# aftershock vs tmaxx 3.3 vs mega baja



## mac3194 (Jan 13, 2008)

cant decide between these 3 mt can some one help me decide by giving their opion on these trucks please:thumbsup:


----------



## OvalmanPA (Mar 21, 2000)

Aftershock and Mega Baja are basically the same chassis. The T-Maxx although a good truck in it's time (and I'm sure there are those that would argue STILL good) is kind of old tech now and from personnal experience a tremendous pain to work on.  I have an Aftershock and have been VERY pleased with it so far. If I recall you might want to consider the Baja just for the simple fact it comes with the spin start system whereas the Aftershock comes only with the starter plate (not the hand held unit, must buy separate). There are those that have complained about the "inferior" two speed setup on the Aftershock but _*knock knock knock*_ on wood I haven't had those problems. I DID take mine apart first thing before ever running it and clean the one way bearing in the two speed. This might be a reason I haven't had any problems?


----------



## mac3194 (Jan 13, 2008)

so your saying the aftershock is a better buy?


----------



## superdave2 (Dec 30, 2006)

your looking for another mt i would buy the lst2 over anything you have named but the aftershock is a great buy get that one the tmaxx is a pain to work on like the other guy said but i havent heard of any problems with the 2 speed on the aftershock but both of them are a great buy:thumbsup:


----------



## OvalmanPA (Mar 21, 2000)

Between the Aftershock and the T-Maxx, yes the Aftershock is the better buy. Between the Aftershock and the Mega Baja, the Mega Baja is the better buy for the reasons I gave above. 

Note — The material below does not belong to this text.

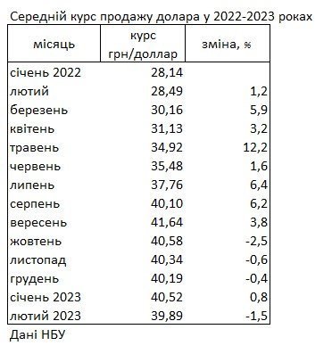 У лютому 2023 року середній курс продажу готівкового долара в Україні впав до 39,89 грн. У березні цей тренд продовжується. Курсу продажу долара нижче 40 грн в Україні не було з липня минулого року.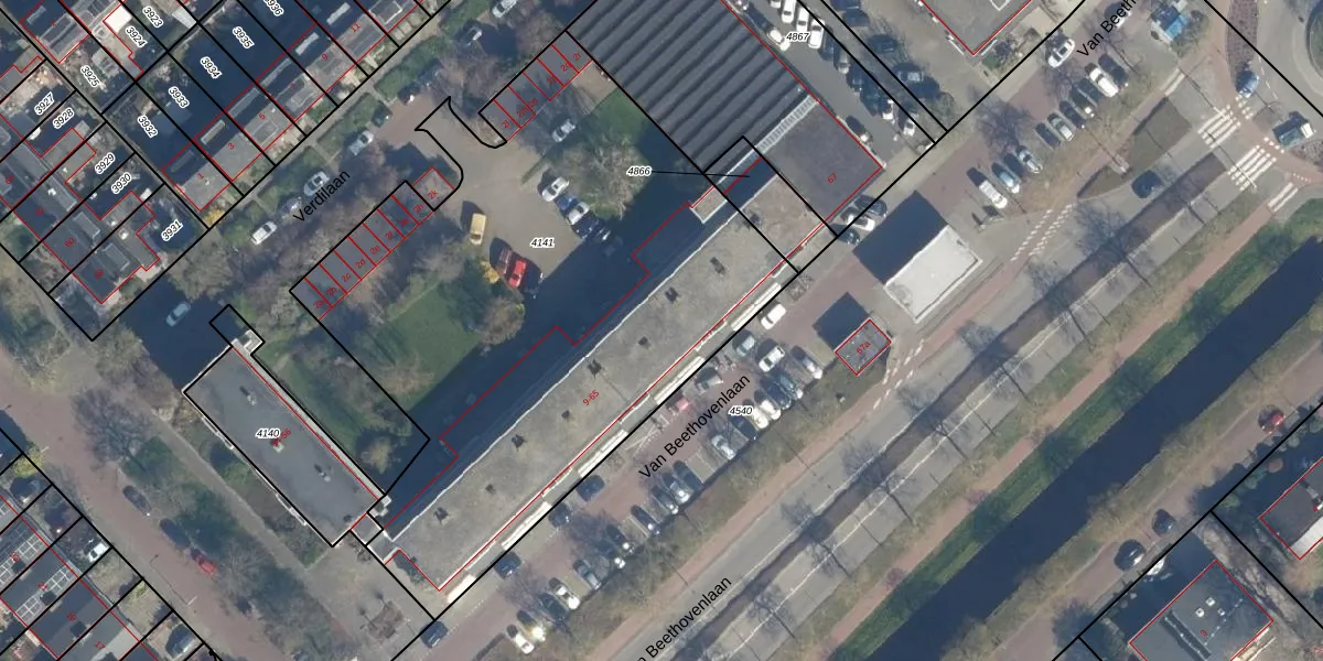 Het perceel waarop Van Beethovenlaan 39 staat heeft een oppervlakte van 3242 m². Dit is een zeer groot perceel. De perceeloppervlakte wordt geregistreerd door het Kadaster. Gedetailleerde informatie over de maten van dit perceel kunt u vinden in het rapport Kadastrale kaart met maatvoering van Van Beethovenlaan 39.

The LST2 yes is probably a better truck all together but do you really have the $700 to buy it? Personally I'd like to see Losi offer the LST2 without the $200 radio so they can sell it at a lower price but that's just me.  Personally I bought the Aftershock because I didn't need/want the reverse, hi/lo, or high $$$ radio that the LST2 comes with.


----------



## superdave2 (Dec 30, 2006)

ive drove the lst2 many times and guess what i bought i got the muggy im not sure i wound up with it:freak: but i like the truggys and thats what it is because its got the center diff i drove the muggy once and i decided thats what i wanted and not the lst2:thumbsup:


----------



## sharkman1 (Sep 3, 2006)

One thing to remember is the aftershock does not come with a rechargeable rx pack like the baja does.


----------



## OvalmanPA (Mar 21, 2000)

Another plus for the Mega Baja. :thumbsup: Forgot about that.


----------



## mac3194 (Jan 13, 2008)

i fell in love with the new tmaxx 3.3 im horable i know sorry


----------